## Goal of the exercise
Both the line below containing "Abito con fantasia" and the line containing "Il design è", along with every line between them, should be repeated exactly; no other line belongs in the answer.

## Records for the task
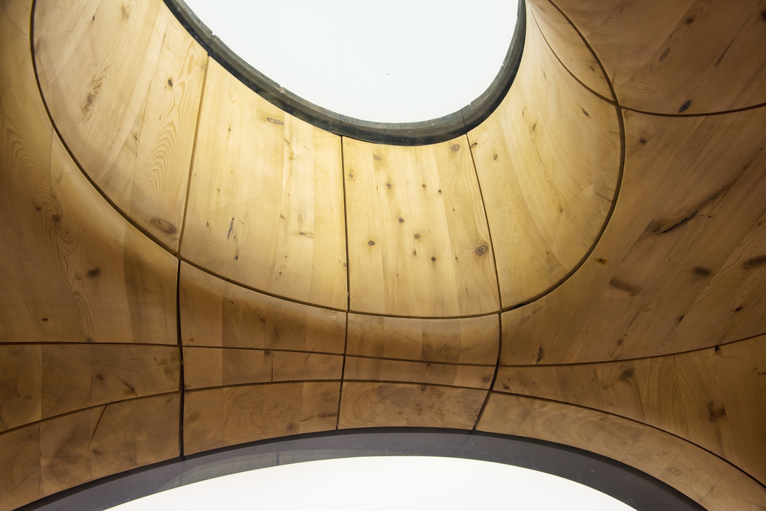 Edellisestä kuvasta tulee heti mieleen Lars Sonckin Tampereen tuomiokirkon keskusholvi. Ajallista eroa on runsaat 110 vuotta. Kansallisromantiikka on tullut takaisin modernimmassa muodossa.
==
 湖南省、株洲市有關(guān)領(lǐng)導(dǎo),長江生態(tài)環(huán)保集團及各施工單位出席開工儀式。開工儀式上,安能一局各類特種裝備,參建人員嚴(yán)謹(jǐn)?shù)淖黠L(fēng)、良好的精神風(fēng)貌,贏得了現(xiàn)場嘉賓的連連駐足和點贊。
* * *
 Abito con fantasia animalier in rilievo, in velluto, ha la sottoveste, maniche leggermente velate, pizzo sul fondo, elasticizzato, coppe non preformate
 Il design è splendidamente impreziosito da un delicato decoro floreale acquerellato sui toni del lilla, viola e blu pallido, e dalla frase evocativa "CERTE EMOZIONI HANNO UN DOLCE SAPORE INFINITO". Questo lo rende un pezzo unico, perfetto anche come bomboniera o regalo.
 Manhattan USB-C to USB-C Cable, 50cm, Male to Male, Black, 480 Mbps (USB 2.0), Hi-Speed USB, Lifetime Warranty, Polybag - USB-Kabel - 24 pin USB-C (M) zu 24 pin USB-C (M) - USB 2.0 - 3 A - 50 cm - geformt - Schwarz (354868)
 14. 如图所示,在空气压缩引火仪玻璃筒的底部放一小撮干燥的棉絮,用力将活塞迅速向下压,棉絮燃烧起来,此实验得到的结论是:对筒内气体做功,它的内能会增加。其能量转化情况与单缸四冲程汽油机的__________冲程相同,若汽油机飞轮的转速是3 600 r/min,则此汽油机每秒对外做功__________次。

## Written response
 Abito con fantasia animalier in rilievo, in velluto, ha la sottoveste, maniche leggermente velate, pizzo sul fondo, elasticizzato, coppe non preformate
 Il design è splendidamente impreziosito da un delicato decoro floreale acquerellato sui toni del lilla, viola e blu pallido, e dalla frase evocativa "CERTE EMOZIONI HANNO UN DOLCE SAPORE INFINITO". Questo lo rende un pezzo unico, perfetto anche come bomboniera o regalo.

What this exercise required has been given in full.